== SOURCE DATA

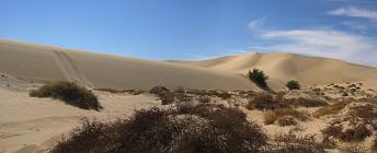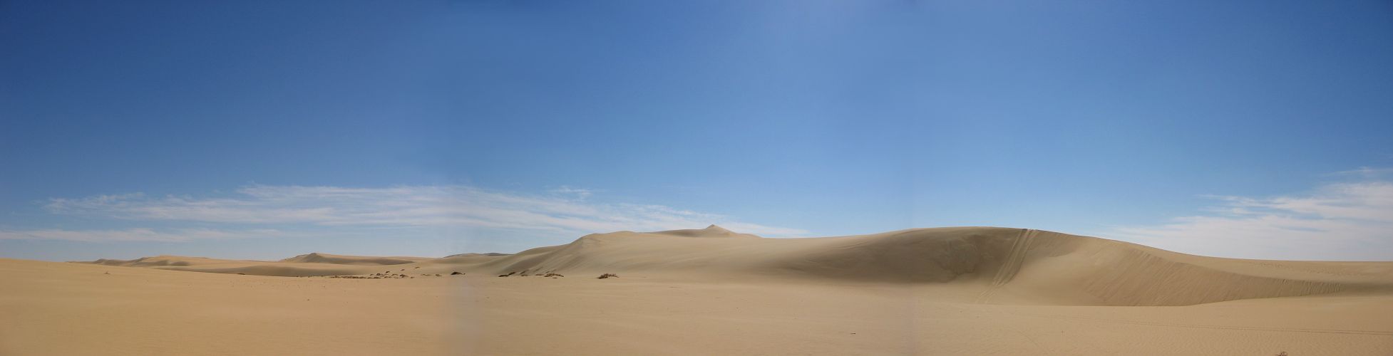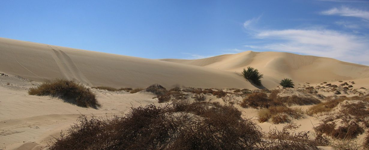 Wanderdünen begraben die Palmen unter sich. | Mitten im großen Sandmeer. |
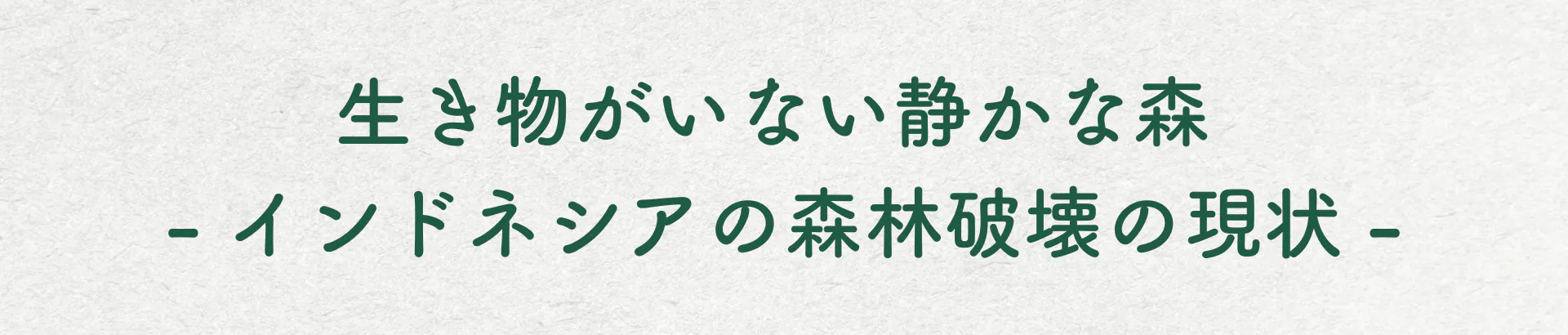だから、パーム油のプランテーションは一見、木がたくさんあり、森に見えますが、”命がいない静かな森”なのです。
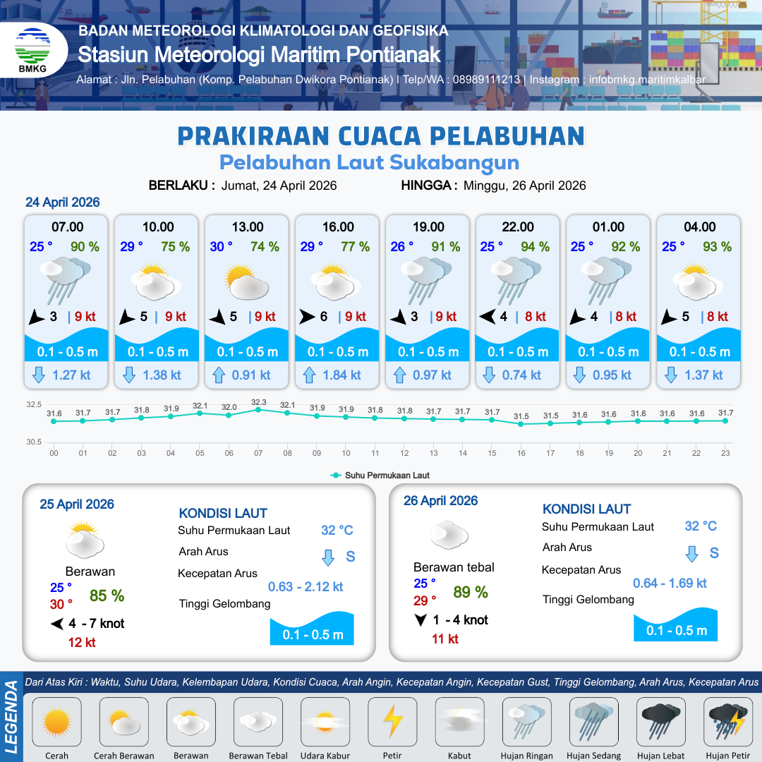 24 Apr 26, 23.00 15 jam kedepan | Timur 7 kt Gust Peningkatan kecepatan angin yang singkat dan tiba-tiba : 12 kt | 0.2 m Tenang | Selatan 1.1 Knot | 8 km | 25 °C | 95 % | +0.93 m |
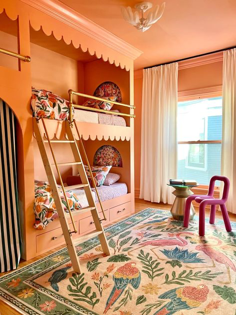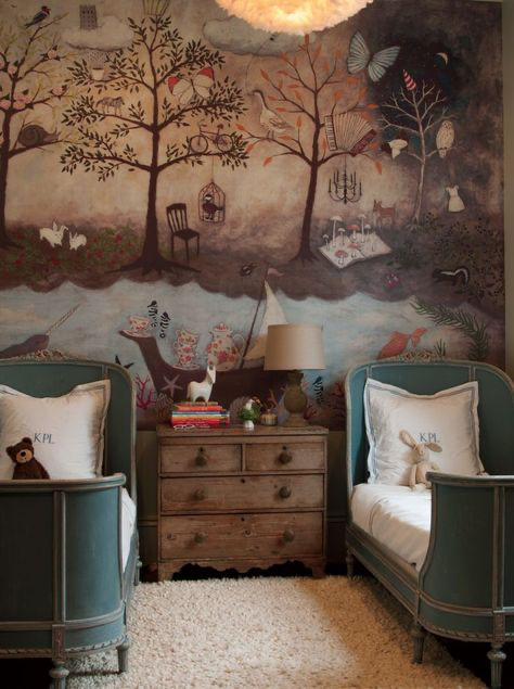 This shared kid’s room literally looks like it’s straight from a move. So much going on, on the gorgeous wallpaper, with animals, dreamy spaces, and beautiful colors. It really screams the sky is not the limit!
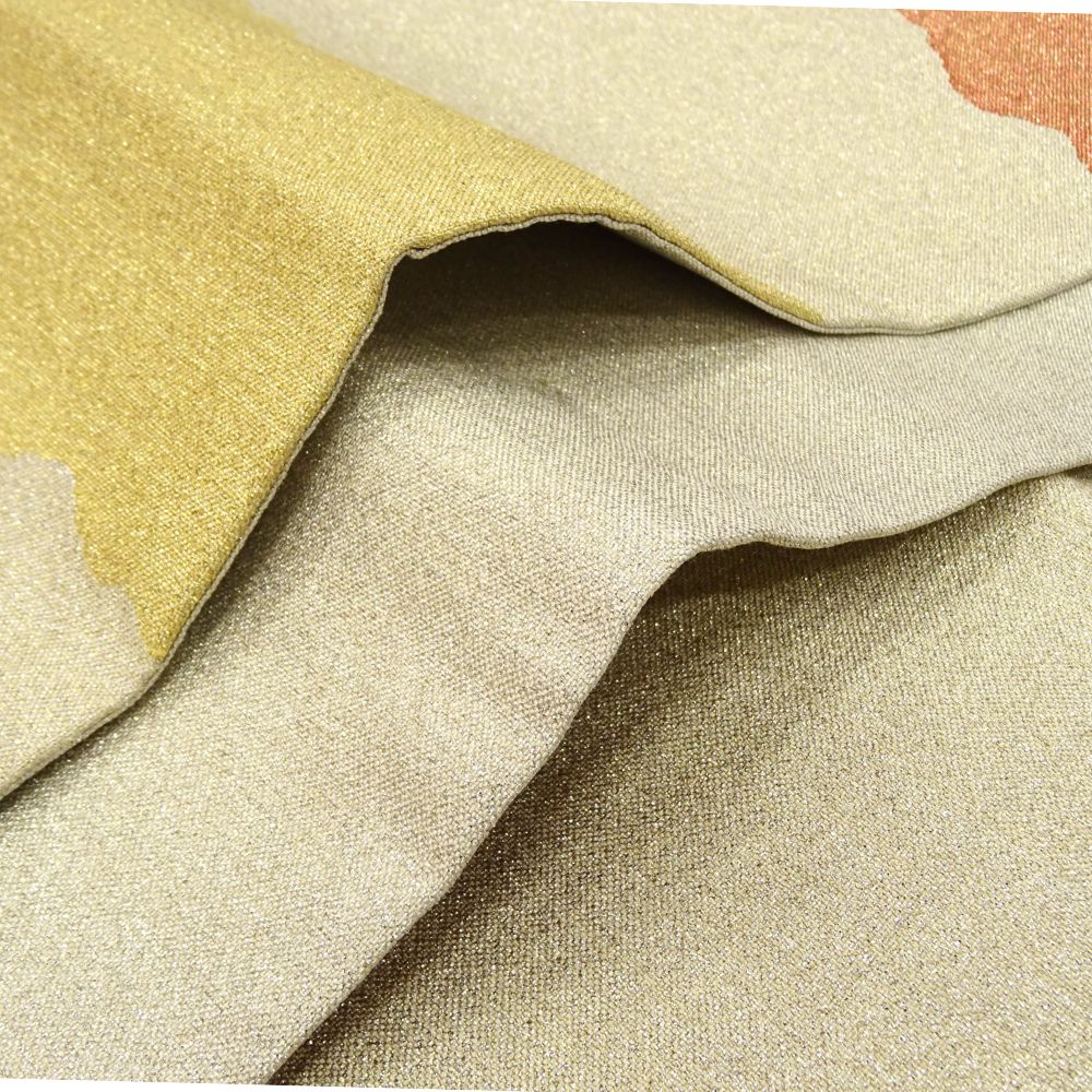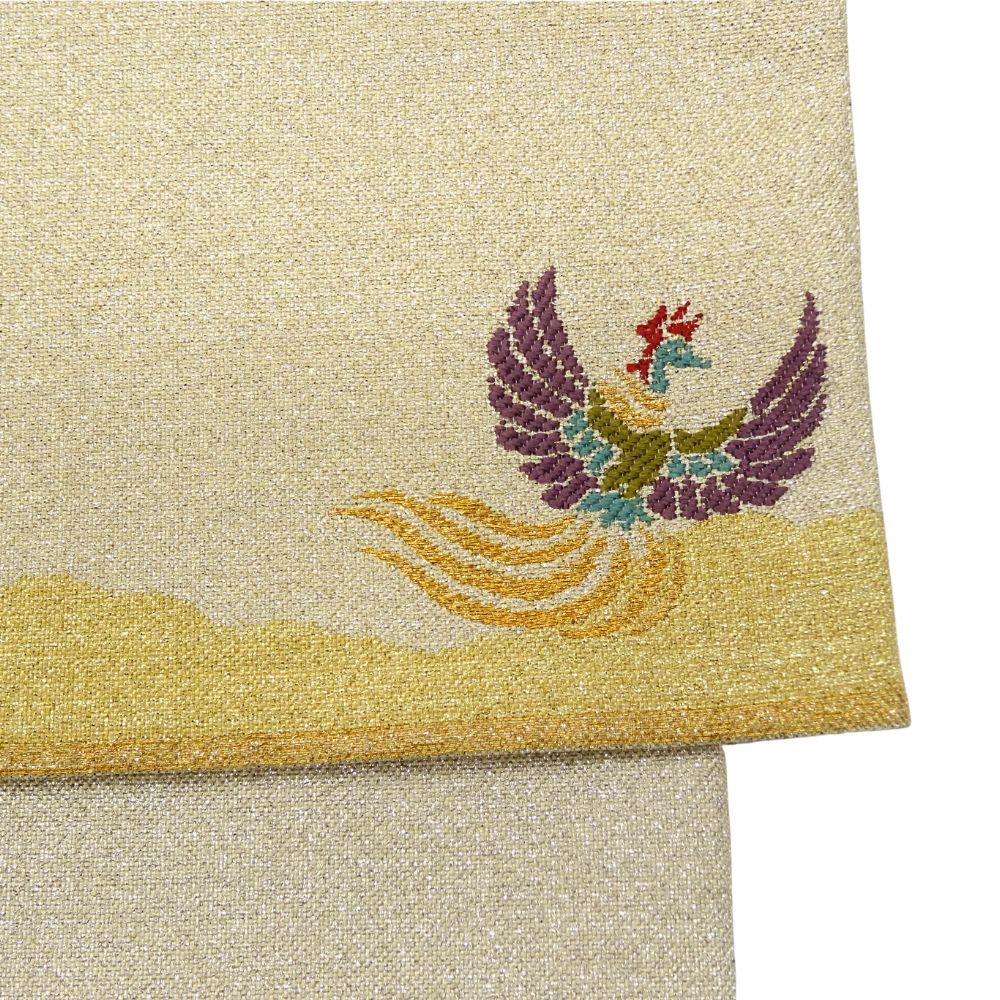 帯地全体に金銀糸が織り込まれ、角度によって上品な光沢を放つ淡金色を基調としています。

====

## YOUR OBJECTIVE
Begin at the first line of the entries above and return each line exactly, stopping after the line that contains "24 Apr 26, 23.00". Pictures do not belong in the copy.

## SOLUTION FOR THIS TASK
 Wanderdünen begraben die Palmen unter sich. | Mitten im großen Sandmeer. |
だから、パーム油のプランテーションは一見、木がたくさんあり、森に見えますが、”命がいない静かな森”なのです。
 24 Apr 26, 23.00 15 jam kedepan | Timur 7 kt Gust Peningkatan kecepatan angin yang singkat dan tiba-tiba : 12 kt | 0.2 m Tenang | Selatan 1.1 Knot | 8 km | 25 °C | 95 % | +0.93 m |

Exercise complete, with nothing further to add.